He realizes that she’s mocking him. “What kind of progress do you expect if you don’t remove the government.”

The lady has a long, detailed, answer to that. She’s certainly no less angered then her conversant. Her name is Nofit, and she’s a strong supporter of the tent struggle. She must be, since her landlord is trying to evict her. This is the case with most people in the line. “Shill” is an abbreviation of Hebrew of “Citizen Counseling Services” a joint project of various welfare establishment. Almost everyone present came to here to get pro-bono legal support against landlords.

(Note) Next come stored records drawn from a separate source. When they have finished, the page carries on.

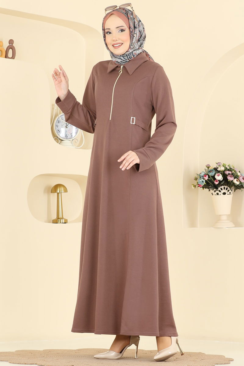 Pudra rengi belden toka ile süslenmiş bu elbise, tesettür giyim için ideal, her sezon tercih edilebilecek bir modeldir. İki iplik kumaş sayesinde rahatlık sunan elbise, gömlek yakası ve önden fermuarı ile pratik kullanım sağlar. Toka detayı ise şıklığınızı artırır. 30 derecede hassas yıkama yapılabilen bu model, astarsız yapısı ile hafiftir. Modelin giydiği elbise 38 bedendir.
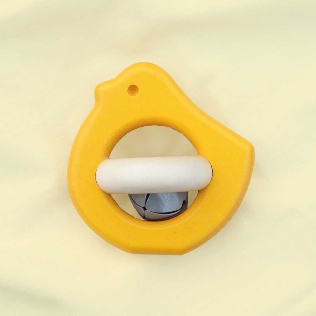 Drewniana grzechotka w kształcie ptaszka z wbudowanym dzwoneczkiem to propozycja przeznaczona dla niemowląt od pierwszych miesięcy życia. Zabawka została zaprojektowana tak, aby wspierać rozwój sensoryczny oraz ćwiczyć podstawowe umiejętności ruchowe dziecka.
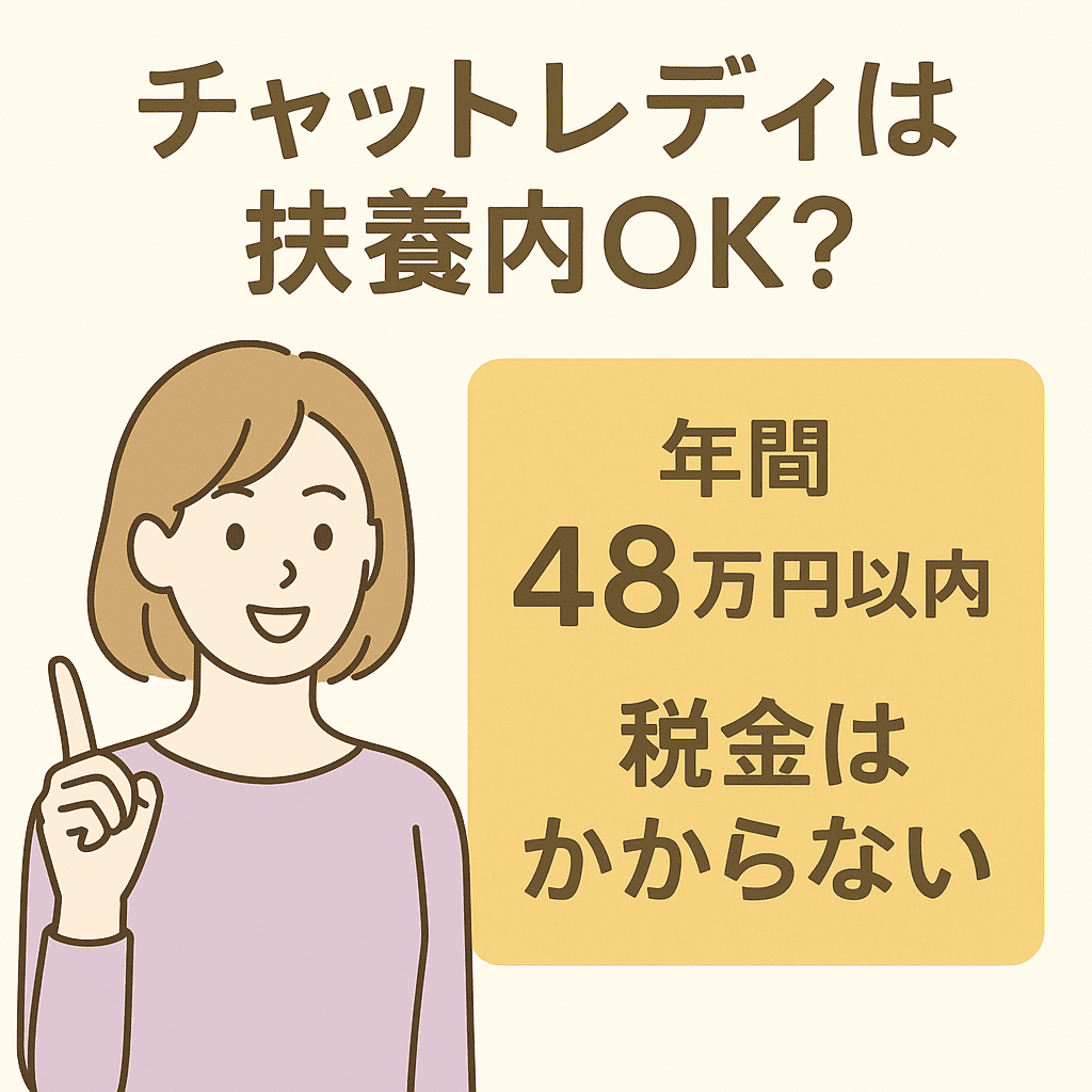 「副収入を得たいけど、扶養から外れると困る…」という主婦の方や学生さんも多いでしょう。ご安心ください、チャットレディとして稼いでも一定の範囲内なら扶養内で問題なく働けます。国のルール上、扶養対象でいるためには年間の所得(収入-必要経費)が48万円以下である必要があります。裏を返せば、1年間の所得が48万円以下であれば確定申告は不要で、税金もかかりません。例えば専業主婦の方がチャットレディ一本で副収入を得ている場合、経費を引いた後の利益が48万円以内なら所得税・住民税ともに非課税で、旦那様の扶養控除も満額適用されます。
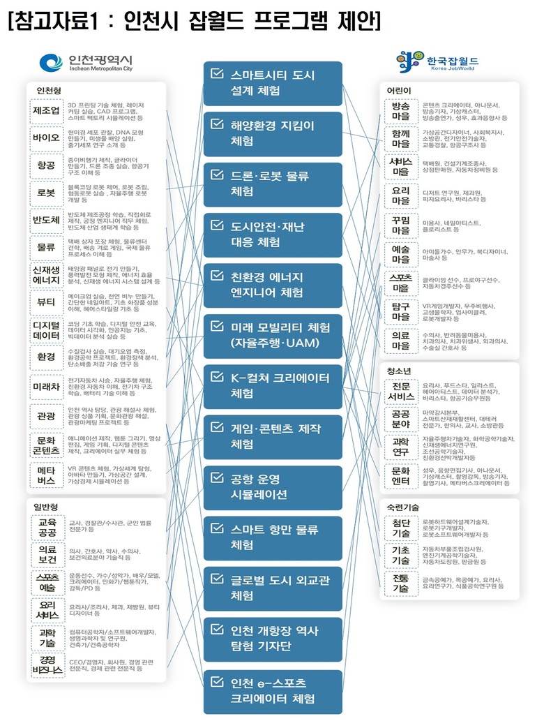 이에 연구원은 인천의 전략 산업과 연계한 ‘인천형 특화 잡월드(아이잡월드)’ 건립을 제안했다. 이는 송도(바이오), 영종(항공·물류), 청라(로봇·금융) 등 지역 산업 특성을 반영한 프로그램을 통해 ‘인천에서 배우고 인천에서 일하는’ 선순환 체계를 구축하고, 산업과 인재 간의 미스매치를 해소하기 위함이다.
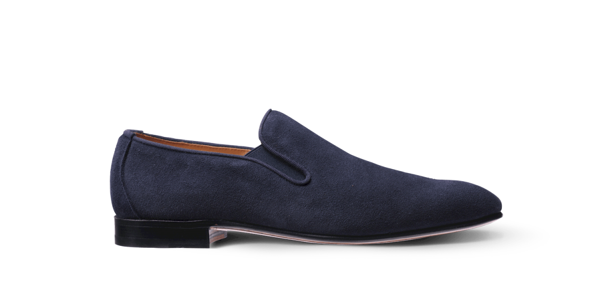 Mocassin à l’élastique non doublé en peau de koudou (antilope sud africaine) bleu marine.
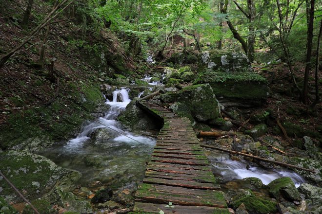 滝までのアクセスは、この手作りらしき木製の橋だけが頼りです。突然山深い秘境にワープしたような、野趣あふれるシーンです。
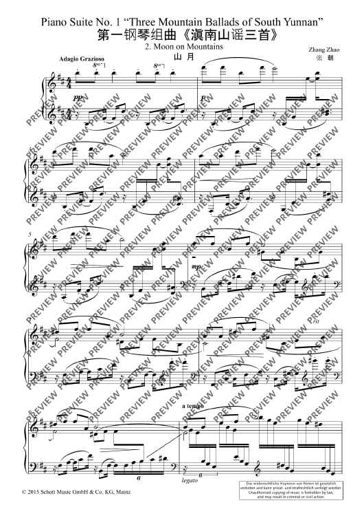 Digital Sheet Music for Moon on Mountains by Zhao Zhang scored for Piano; id:490010
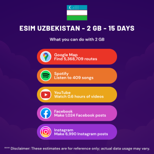 Hello, Globetrotter! 🚀 Gearing up for a journey to the world’s hidden gem, Uzbekistan? Let our 2 GB – 15 Days eSIM be your reliable digital ally, ensuring you remain connected at every step!
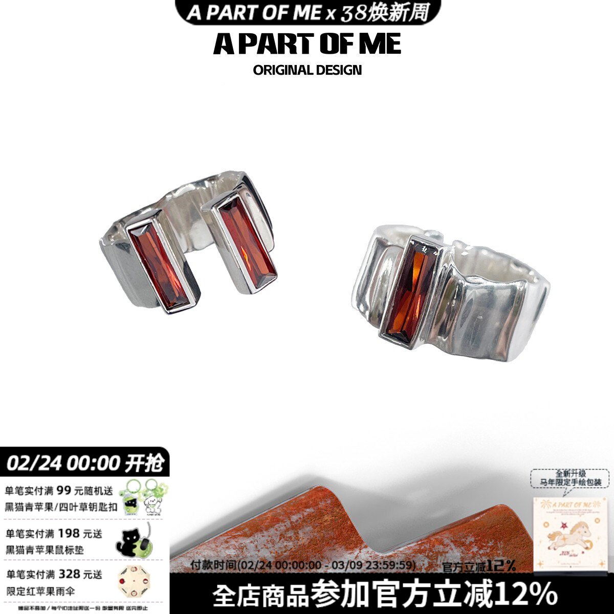 危险同谋/原创925纯银红色锆石开口戒指小众暗黑男女情侣对戒
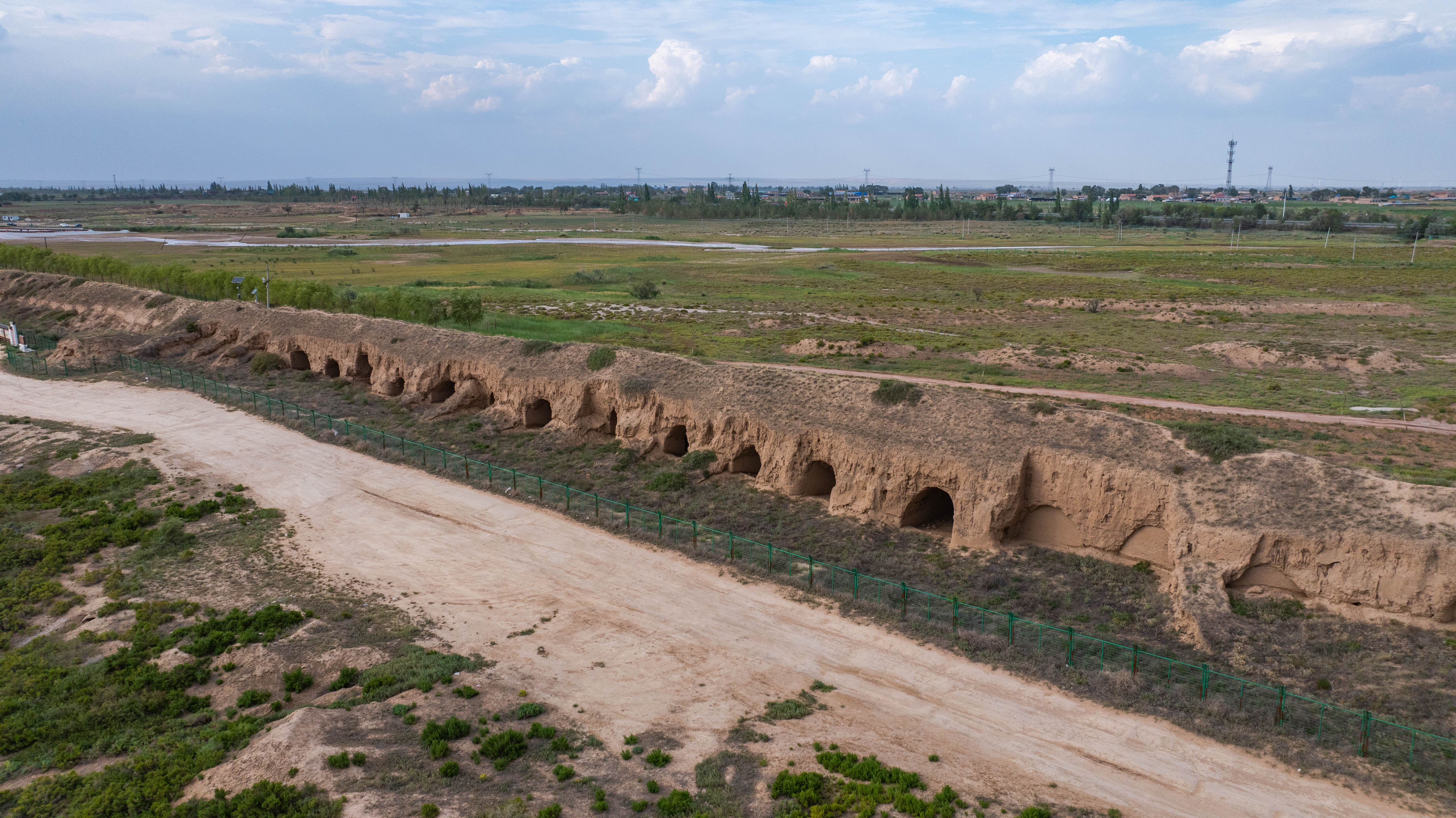 在我国的夯土长城中,盐场堡长城因为抗战时期在墙体上挖掘的窑洞,成为一段红色历史的重要见证。
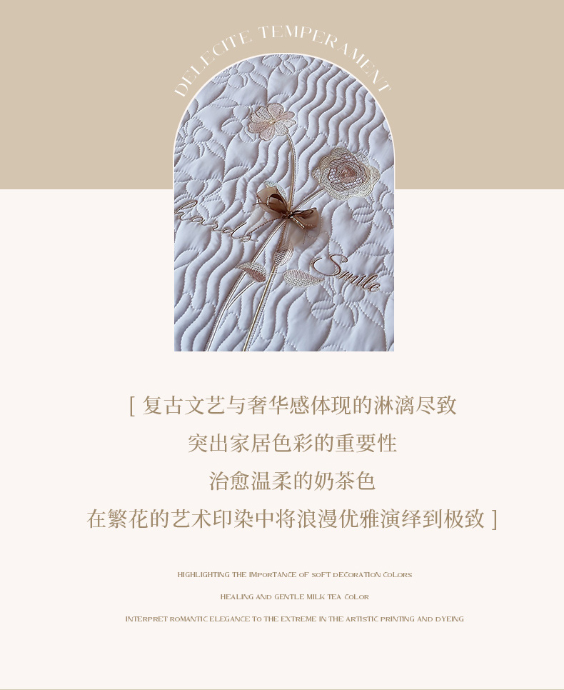 (总)乐朵家居 2025新款 南法庄园 牛奶绒 夹棉床盖四件套,粉玉,奶白
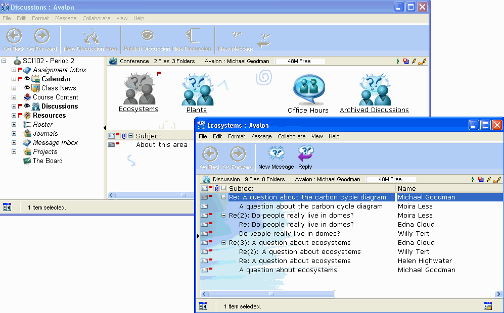 In addition to discussions in the classroom, you can post questions in the Discussions area of your FirstClass ED classroom and monitor the student responses. Students have a venue to discuss classroom topics at any time, at their convenience. Even shy students are likely to contribute because they feel more comfortable in this online environment. This is an effective way for students to elaborate on each others' answers, and for you to see who is contributing and who may need more attention.
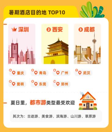 在暑期酒店目的地TOP10里,深圳、西安、成都同样位列三甲,由于暑期游家长带小朋友出玩居多,交通便利、服务良好的都市游成为首选,其次是古迹游、美食游和滨海游等。
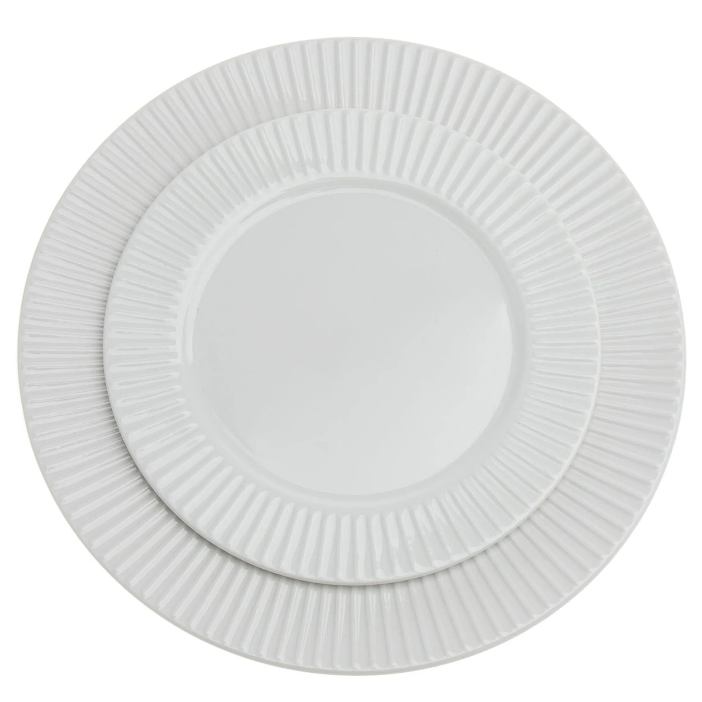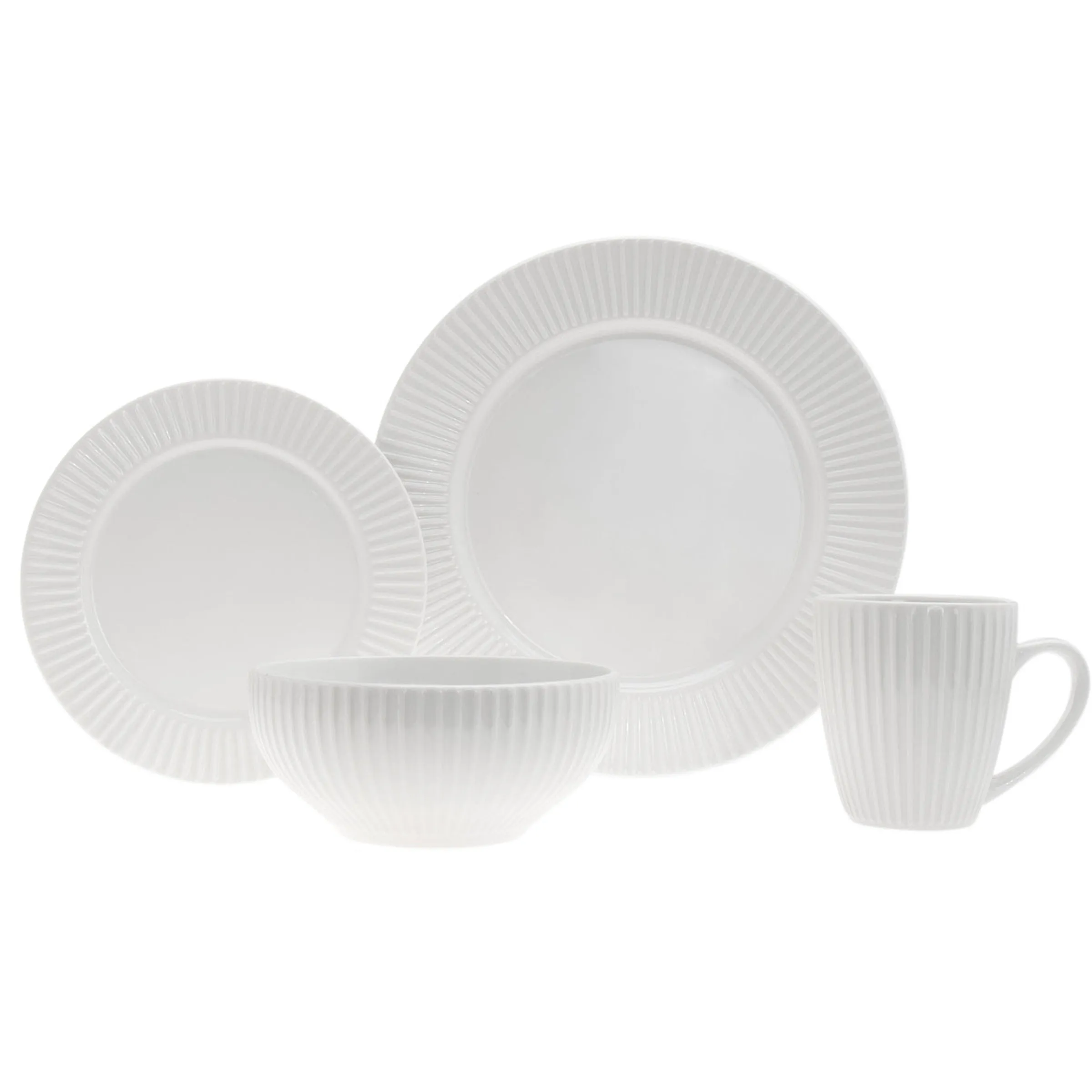 This 16-piece dinnerware set provides a beautiful presentation for your dining experience. With its ribbed edging details and porcelain construction, the Inventure set ensures durability and elegance. Its service for four allows you to entertain in style.

September journey part 8: It makes no sense
Figuring things out at the "Shill"

“They try to defame the leader of this struggle,” Nofit says of Dafni Leef, “They try to say that she didn’t serve in the army and signed a letter against the army and against people who choose to live in the territories. I’m telling you, what this girl did over the past few month is in itself a service to the army. In order to go and fight for something a person must feel that they have a home.”

I step out into the ugliness of Ashdod’s Neighborhood B. City planning in this young city rendered its map a virtual Hebrew keyboard. The whole concept by which it was deigned is nearly Communist. For the first time ever I find its ramshackle apartment shoe boxes agreeable. Sure, they’re ugly, but this is public housing. As Nofit noted at the Shill, current real estate investors build only for the high middle class and up, trying to maximize gain. No one builds for the weaker classes, the way they did back in the 60s.

September journey part 8: It makes no sense
This is actually one of the second wave blocks, built in the 70s.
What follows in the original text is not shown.